Investment FAQs

I would like to use special hardware that you don’t provide on the cluster currently. How would I get that added?

This is where investments can be come in. Investing is the only way to get a specialty hardware we don’t currently have installed onto the cluster.

How do investment partitions work and why is my job pending if I have a partition?

This may happen for a number of reasons, but usually it’s because your investment already has other jobs running on it that are queued before yours, or your job is not able to be run entirely from your investment, and is therefore queued waiting for those additional resources that fall outside of your investment.

What is the job queuing workflow if I have an investment partition?

The answer is dependent on whether you have explicitly defined a partition in your slurm script:

  1. If you explicitly define a partition within your script then that partition (and subsequent nodes) is the one that slurm will try to allocate your jobs across. If you define a combination of nodes/cores/memory/gpus that are not provided entirely across the partition, then slurm will not accept the job, and you will be provided with an appropriate message. This definition will override even if you have an investment.

  2. If you project does have an investment and you do NOT define a partition, then Slurm will create a list of partitions on which to to try and run your job.

    1. Slurm will automatically try to determine if you have an investment partially based on project name, and attempt to run your job on the investment first.

    2. If there are jobs running on your investment belonging to users who are not part of your project, slurm will preempt these jobs (stop them and add them back to the queue) and immediately start your job.

    3. If your investment is 'full' with jobs from users who are members of your project, then it will try to allocate across the other partitions if resources are available.

    4. If there are no resources available to fit your job (i.e. cluster usage is very high), then your job will have a state of pending (i.e. waiting in the queue). On a regular interval Slurm will monitor the queue and run the job when appropriate resources become available.

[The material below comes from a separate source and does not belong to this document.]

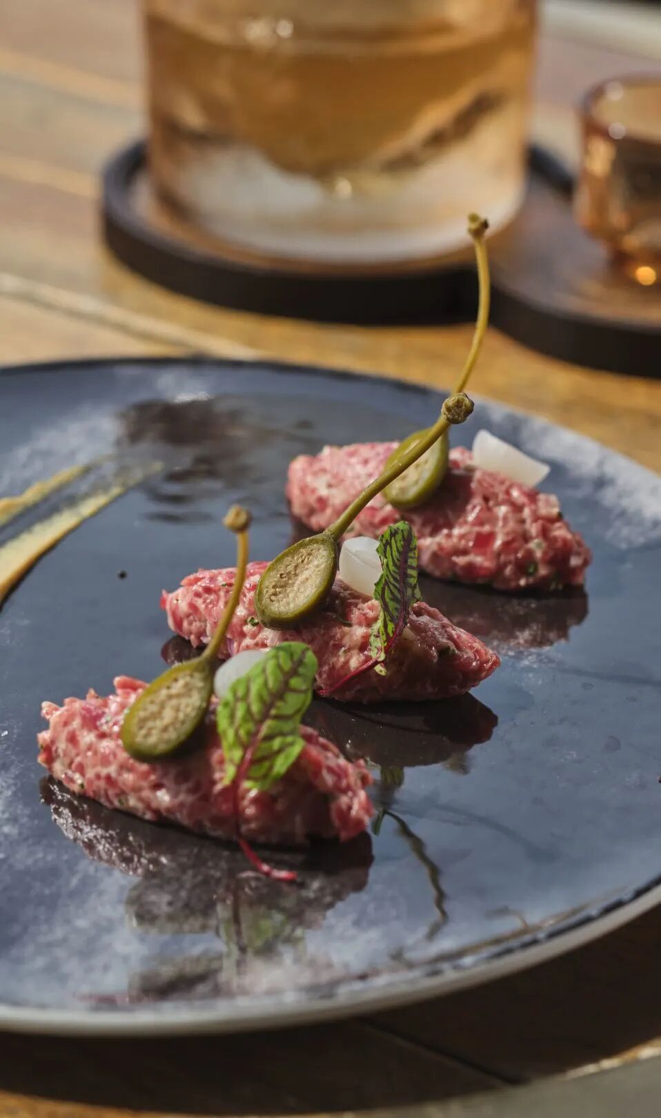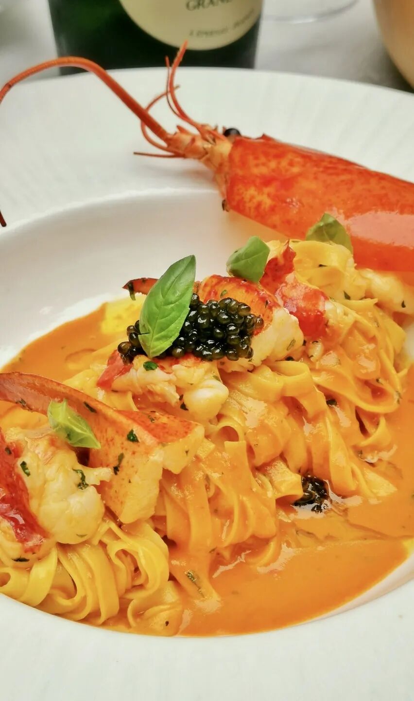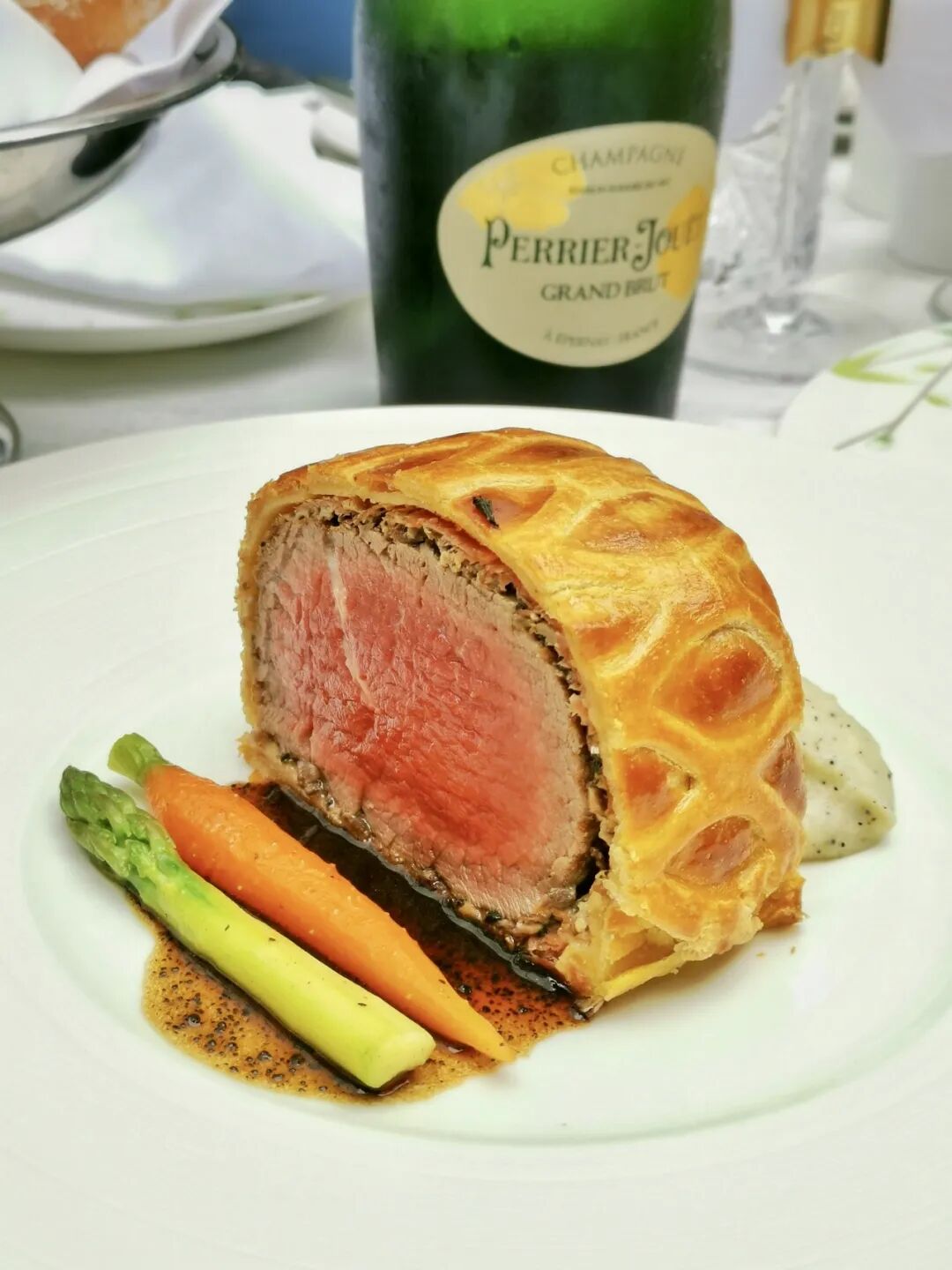 菜单为五道式任选菜单。其中烟熏三文鱼选用鲜美丰腴的三文鱼鱼腩部位加以烟熏,树枝中的植物油脂化成微小颗粒附着在鱼肉上,随着时间的流逝慢慢渗透,鱼肉、盐、烟的巧妙平衡将口感和风味推向高潮。惠灵顿牛排选用细腻多汁的菲力牛排,精选蘑菇酱和帕尔马火腿,包裹上起酥面皮,烤制后与牛肉搭配的口感令人满足。波士顿龙虾面采用手工自制意式细面,精选波士顿龙虾尾肉,通过精心腌制和低温浸泡的加工方法,让龙虾肉爽口弹牙,意面也筋道充满韧性。各色佳肴皆和三小时畅饮的Perrier-Jouët Grand Brut香槟完美融合,其酒体适中,烟熏味搭配烤坚果香融合淡蜂蜜,即为成熟黄色水果浓郁香气的点睛之笔。

I am getting a QOSLimit Message/Error when submitting jobs to Slurm, and then my jobs are queued. Why?

  1. This error will occur if total CPUs requested by jobs running under your project is exceeded.

    1. This would include jobs running under you and those run under other group members of the same project. When total CPU’s requested by everyone in the group exceeds the limit available for your investment you will receive this error - even if not all your investment nodes are in use.

    2. Usually this occurs because you or other project members are running jobs that extend to other nodes/resources on the cluster that are outside of your investment.

  2. You may check total usage for your project by running: squeue -A <project_name>

  3. If you only want to check the availability of your investment nodes specifically, run: sinfo -p <investment_name>

    1. Note that your project name and your investment name may not be the same.

  4. See this page to determine your investment group’s QOSGrpCpuLimit.